We all bear burdens on our pilgrimage through this weary and wearying world. Sometimes these are burdens of temptation, when we feel the world, the flesh, and the devil arrayed against us, luring and enticing us toward some sinful thought or depraved deed. Sometimes these are burdens of guilt as we think back to a sin we committed and we grieve our folly, grieve our inner disposition away from what is good and toward what is evil. Sometimes these are burdens of physical pain as we suffer the effects of living as mortal beings whose bodies are ravaged by time, age, and illness. In all these ways and so many more we go through life burdened by heavy weights that may be physical, emotional, relational, financial, spiritual.
I wonder if you are being pressed or crushed by such a weight even today. Perhaps you are asking what you can do and how you can bear up under it. What actions should you take when you feel the tremendous weight of such a burden? The Bible provides three instructions.
First, you must bear your burden. Galatians 6:5 says, “each will have to bear his own load.” While there are some burdens you may share with others, there are some that you will have to bear alone. You may long for someone to come to you, someone to shoulder at least a portion of it, someone to help you when you are bowed down with the great load you are being forced to carry. But sometimes help does not come. Sometimes your pleas are not answered. Sometimes you must stagger along unassisted under even the heaviest weights. Ultimately, no one else can live your life for you. Philip Ryken says, “There is a weight that every person must carry—the weight of our own personal responsibility before God.” No one can have faith for you. No one else can become holy for you. No one else can do justice and love mercy and walk humbly with God on your behalf. You must accept the burden and bear it faithfully, even if you must bear it alone.
But then, second, you may share your burden. While you must bear it, you may share it, for as Galatians 6:2 commands, “Bear one another’s burdens, and so fulfill the law of Christ.” While we most often understand this as an admonition for the strong to seek out the weak, we may as easily see it as an invitation for the weak to seek out the strong. You may find a Christian brother or sister who will shoulder that load with you through encouragement, through prayer, through speaking precious truths. Indeed, it is both a duty and an honor for Christians to help other Christians while they suffer under life’s heavy burdens. As we do so, we fulfill the law of Christ and we imitate Christ who so perfectly exemplified this command: “Let each of you look not only to his own interests, but also to the interests of others” (Philippians 2:4). J.R. Miller says rightly that while “no one can do our duty for us, or take our load of suffering … human friendship can put strength into our heart to make us better able to do or to endure.”
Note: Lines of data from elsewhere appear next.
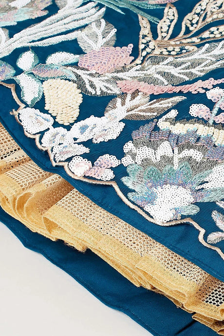 Blue Floral Embroidered Net Lehenga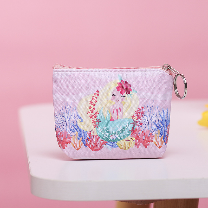 新款热销pu皮拉链零钱包硬币包 女士小钱包可爱美人鱼卡通零钱包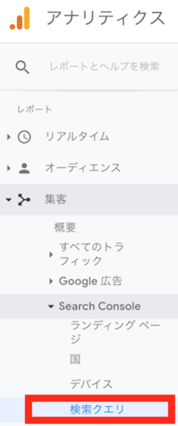 まず、「Google Analytics」へアクセスし、[レポート] ⇨ [集客] ⇨ [Search Console] ⇨ [検索クエリ]を選択します。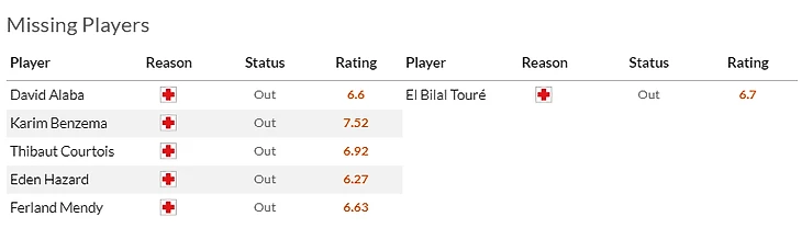 На что обратить внимание: На Карима Бензема(10). Французский форвард получил передышку в игре с Жироной и уже вернулся в общую группу. А вот относительно состояния здоровья Асенсио(8), Куртуа (6,5) до сих пор остаются вопросы. Зато про Модрича(7,5) все ясно: хорватский плэймейкер приболел и этот тур проаускает.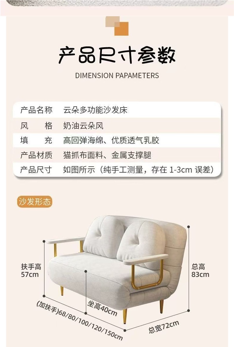 접이식 소파 침대 더블 작은 아파트 크림 스타일 소파 다기능 간단한 클라우드 소파 거실 게으른 소파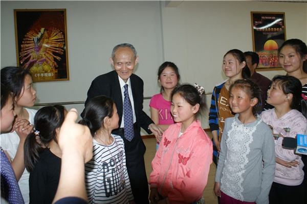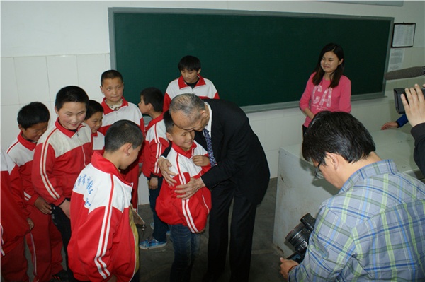 座談會(huì)結(jié)束后,在學(xué)校領(lǐng)導(dǎo)的陪同下,高先生興致勃勃地來(lái)到了師生中間,仔細(xì)地詢(xún)問(wèn)孩子們的學(xué)習(xí)、生活和課外活動(dòng)情況。當(dāng)高先生走進(jìn)舞蹈訓(xùn)練室時(shí),孩子們圍攏過(guò)來(lái),在手語(yǔ)老師的幫助下聽(tīng)高老講他過(guò)去的故事。高先生用他自身曲折的經(jīng)歷告訴聾啞孩子要不怕困難和挫折,要更加堅(jiān)強(qiáng)起來(lái),追求更加美好的未來(lái)。當(dāng)高先生來(lái)到盲部三年級(jí)教室時(shí),正值課間休息,孩子們一聽(tīng)高爺爺來(lái)啦,紛紛從外面跑回來(lái),熱情地向高爺爺問(wèn)好,并祝高爺爺健康長(zhǎng)壽,膽大的盲孩子還好奇地摸摸高爺爺?shù)哪樋纯锤郀敔旈L(zhǎng)什么樣。高老彎下腰親切地?fù)е⒆觽儞崦⒆觽兊念^,鼓勵(lì)孩子們要好好學(xué)習(xí),不斷地說(shuō)著“高爺爺愛(ài)你們”、“高爺爺愛(ài)你們”。高老看著這么懂事的孩子,直夸老師教育得好,當(dāng)老師的不容易很辛苦,并給了班主任老師一個(gè)親切地?fù)肀А?br /> 快樂(lè)的時(shí)光總是很短暫,在孩子們的歡送掌聲中高先生又將踏上他倔強(qiáng)的愛(ài)心之旅,他給師生們留下了感恩、奉獻(xiàn)和自強(qiáng)不息的精神食糧,留下了20萬(wàn)的愛(ài)心承諾和一片濃濃的特教情懷。(圖/許獻(xiàn)剛)

Then, third, you should cast your burden. You must bear it, you may share it, you should cast it. Psalm 55:22 says, “Cast your burden on the LORD, and he will sustain you; he will never permit the righteous to be moved.” When you are weary and burdened, God is always available to help. He may not remove that burden from you, but he will certainly straighten your spine and shore you up as you carry it. God may not make you able to bear your burden without pain, but he will make you able to bear it with joy. Just as he sustained his people as they wandered the wilderness, so he will sustain you through your wilderness. Just as God provided for their every need, so he will provide for yours. “Forty years you sustained them in the wilderness, and they lacked nothing. Their clothes did not wear out and their feet did not swell” (Nehemiah 9:21). God will not withhold from you anything you need to bear your burden well. J.R. Miller says, “Our burden is that which God has given to us. It may be duty; it may be struggle and conflict; it may be sorrow; it may be our environment. But whatever it is—it is that which He has given us, and we may cast it upon the Lord.”
Weighty and painful burdens are an inevitable, inescapable fact of life in this world. We will all receive heavy loads and we must all bear them, even if at times they seem impossibly large. But when we feel them sink into our shoulders, when we feel our spines compress, when we feel our legs grow tired, when we feel we cannot take another staggering step, we cannot and must not despair, for God has told us what we must do, what we may do, and what we should do.